A bit of historical perspective: the poem that provides the text of the Stabat Mater dates from the thirteenth century and probably reflects the medieval reverence for Mary that the troubadours expressed in their lyrics and that the Church itself later embraced. The Council of Trent, in its reform efforts, suppressed the Stabat Mater though it was reinstated to the liturgy in the eighteenth century shortly before Pergolesi’s setting of the text. It is a fairly sophisticated poem in 20 stanzas built on triplets with an interlocking rhyme scheme (AAB CCB….). The work reflects the grief of Mary at the foot of the Cross but broadens its perspective to include a prayer by the speaker in hopes that respect for Christ and his sacrifice will translate to salvation at the Day of Judgment.

Haydn set the poem as a series of 14 movements, mostly slow and reflective, though a couple of them are fiery, almost militant, as the speaker reacts to the injustice of Christ’s death.
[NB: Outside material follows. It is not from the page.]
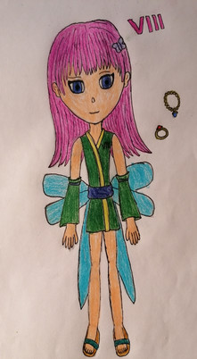 Lupy is the 4th and final party member in this game, I wanted to draw her to finish off a party members drawing series cause I could do with doing that more often.....She is a boss that Gwen 1 v 1s with me always giving Gwen stat increasing items before this fight, Lupy acts like a sort of mentor to the group which is interesting to see. A plot twist with her is kind of obvious but it made sense so no complaints just interesting how some twists are obvious while others are out of no where. She starts knowing all basic level elemental spells so I assume she is a magic specialist and the weakest when it comes to physical attacks.I like the nature theme outfit as I think it plays off her being a fairy really plus green and pink is a very peaceful colour combo, it feels kind of weird not drawing second curves on her wings. I went for an almost full body design with her as she is a smaller character and I tend to prefer to show as much of shorter characters design as possible/I can't scale up very well.

The final number, in which the speaker hopes for an afterlife in paradise, is a choral fugue with solo interjections, including ecstatic melisma passages sung by the soprano. 

In 1803, Haydn revisited the still-popular Stabat Mater, commissioning his apprentice Sigismund Neukomm to reorchestrate the work. Under Haydn’s direction, Neukomm added a panoply of wind instruments and percussion: a flute and pairs of clarinets, bassoons, horns, trumpets, and trombones, plus timpani. The effect was to turn Haydn’s motet into a mini oratorio. This was a sign of the times: Mozart had reworked the instrumentation of Handel’s Messiah to make it more appealing to late-eighteenth-century audiences, and later Mendelssohn would do the same for Israel in Egypt. Not to mention that the updated version of the Stabat Mater appeared around the same time as The Mount of Olives, an equally compact oratorio composed by Haydn’s former pupil Ludwig van Beethoven. (Sigismund Neukomm, by the way, is interesting in his own right. He was a much-performed composer in his day who worked for a while in, of all places, Rio de Janeiro, where he helped popularize the works of Haydn and Mozart.)

Neukomm’s orchestration adds many coloristic effects, of course, but they are mostly subtle and restrained. The added woodwinds lend a plaintive quality to the long first movement of the piece, while the trombones add a sepulchral note to the final measures. In the third number, they add an air of gravitas as well as a certain majesty. So do the horns in the tenth number, in which the speaker prays that he (or she) will always take Christ’s sacrifice to heart.

Trumpets and drums make their appearance in the fifth and eleventh numbers, wherein the bass describes in turn the suffering of Christ and the fires of hell, from which he hopes Mary will protect him. These instruments return in the triumphal final number reflecting the speaker’s hope for personal resurrection.

I’m not aware of another recording of the Haydn/Neukomm version of the Stabat Mater, so I can’t make a direct comparison. I did refresh my memory of J. Owen Burdick’s well-received recording of Haydn’s original version on the Naxos label. This is a fine performance featuring the REBEL Baroque Orchestra and Trinity Choir, who have recorded all of Haydn’s masses for Naxos. Burdick’s soloists are good as well, but they really can’t match the virtuoso team that René Jacobs has assembled for his recording. Maybe it’s the extra heft that the brass provides in the numbers with bass solo, but Christian Immler really shines in these movements. Special mention as well for soprano Birgitte Christensen, who brings both welcome shade and light to the numbers she’s featured in. Kammerorchester Basel prove sensitive accompanists and appropriately subtle colorists.

Jacobs may be a controversial conductor, especially in Mozart, but I find his Handel and Haydn exemplary. His recordings of Handel’s Saul and Haydn’s The Seasons are my favorite versions of those works.  Jacobs responds with equal sensitivity to Haydn’s more intimate Stabat Mater setting. 

I listened to the recording as a high-quality download and was mostly quite pleased with the results. While I would prefer a slightly more resonant acoustic, the impact and detail that the engineers achieve are admirable. I’m sure that from now on, this will be the version of Haydn’s masterwork I return to most often.